Data in CEBS will also be “similar” to that found in some commercial databases, Waters said, such as Gene Logic’s ToxExpress database and Iconix’s DrugMatrix, “We anticipate that we’ll have the same type of data that those databases have for multiple chemicals,” he said, “but we hope that, in addition, we’ll be able to provide fairly extensive documentation of the toxic outcomes, both in terms of histopathology and other conventional toxicologic parameters, and to be able to bring together the proteomics and, ideally, the metabonomics.”
Waters said that the commercial offerings are currently well beyond the nascent version of CEBS, “but I think our vision is to go beyond what those databases currently offer, and, perhaps most importantly, make the information public.”
The commercial sector, however, doesn’t anticipate being left in NCT’s dust.

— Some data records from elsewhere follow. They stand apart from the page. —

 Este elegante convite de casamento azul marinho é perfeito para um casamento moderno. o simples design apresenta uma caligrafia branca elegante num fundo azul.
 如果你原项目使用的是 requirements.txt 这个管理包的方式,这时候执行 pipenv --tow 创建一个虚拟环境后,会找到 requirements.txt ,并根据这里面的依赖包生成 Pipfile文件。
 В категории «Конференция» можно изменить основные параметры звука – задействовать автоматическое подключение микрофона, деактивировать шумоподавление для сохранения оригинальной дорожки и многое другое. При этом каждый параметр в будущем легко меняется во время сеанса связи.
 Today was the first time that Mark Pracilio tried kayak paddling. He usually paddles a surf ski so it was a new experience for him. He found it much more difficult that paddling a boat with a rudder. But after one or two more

William Mattes, senior science director at Gene Logic, said that the company is keeping an eye on the project, and expects that it will be at least two or three years before the first CEBS data becomes available. While the “lofty goals” of the project are admirable, Mattes said, he noted that integrating the variety of data types involved is “problematic,” and Gene Logic does not have plans at this time to incorporate proteomics or metabonomics data into its content offering.

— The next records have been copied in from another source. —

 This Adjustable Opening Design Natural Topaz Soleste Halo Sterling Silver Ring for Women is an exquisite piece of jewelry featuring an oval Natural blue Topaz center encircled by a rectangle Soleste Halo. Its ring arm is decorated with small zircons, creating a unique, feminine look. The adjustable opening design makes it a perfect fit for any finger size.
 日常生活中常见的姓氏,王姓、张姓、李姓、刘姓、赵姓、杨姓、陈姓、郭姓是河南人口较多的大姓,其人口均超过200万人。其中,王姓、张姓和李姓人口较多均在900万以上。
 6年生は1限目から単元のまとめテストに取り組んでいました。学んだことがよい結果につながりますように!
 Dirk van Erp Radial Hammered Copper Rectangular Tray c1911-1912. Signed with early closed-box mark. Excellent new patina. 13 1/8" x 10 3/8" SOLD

A further challenge for the CEBS project, Mattes said, is its plan to gather gene expression data from multiple microarray platforms. While that will allow NCT to “cast a wider net” to gather more information, Mattes noted that cross-platform integration remains an unsolved problem within the gene expression community, so the QC hurdles of such an effort are considerable.

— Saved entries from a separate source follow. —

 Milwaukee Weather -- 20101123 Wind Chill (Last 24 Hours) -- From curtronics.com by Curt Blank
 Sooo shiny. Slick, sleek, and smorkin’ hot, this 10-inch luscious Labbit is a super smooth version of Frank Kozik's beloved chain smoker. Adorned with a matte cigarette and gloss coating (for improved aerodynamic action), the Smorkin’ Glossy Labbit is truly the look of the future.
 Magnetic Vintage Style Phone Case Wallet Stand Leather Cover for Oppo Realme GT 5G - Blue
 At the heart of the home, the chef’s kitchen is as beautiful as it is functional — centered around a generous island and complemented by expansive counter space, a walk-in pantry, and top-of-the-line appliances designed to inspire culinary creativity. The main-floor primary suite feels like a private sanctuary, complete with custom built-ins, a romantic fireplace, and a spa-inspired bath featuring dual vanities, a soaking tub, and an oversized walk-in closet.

Even if CEBS were to catch up and gather as much toxicogenomics data as Gene Logic has on hand, Mattes added that he thinks it’s unlikely that the company will meet the same fate as genomic sequence data providers did once a flood of public data came online. The complexity of gene expression data, and the high degree of variation that exists between platforms and even between experiments, “insulates us from the commoditization that occurred with sequence data,” he said. In fact, the company is in discussions with members of the NCT team about possibly releasing some of its data through CEBS. Mattes said that Gene Logic is considering the possibility, but has not yet arrived at a decision.
Slow but Steady
NCT, meanwhile, is taking a “stepwise” approach toward its long-term vision of a systems toxicology resource. The microarray component of the database is relatively mature, and the project is just now implementing a system for capturing proteomics data from 2D gels, Waters said. Metabonomics will present more of a challenge in future efforts, he said, because standards are just beginning to emerge in that area, but NCT is working closely with Paradigm, EPA, and IBM on a project to integrate metabonomics data with other data in CEBS.
It’s likely that the complete systems toxicology picture will take the full ten years slated for the project to come into focus, but Waters said it should be worth the wait. “Just understanding the component parts of the biological system and their function is probably not going to be adequate in toxicology; we’re going to need to stress-test the system,” he said. “I think it will be a partnership between basic research and what you might call applied research, where we’re actually perturbing the systems with drugs and chemicals, and combining those two types of research in an effort that will eventually lead to systems toxicology.”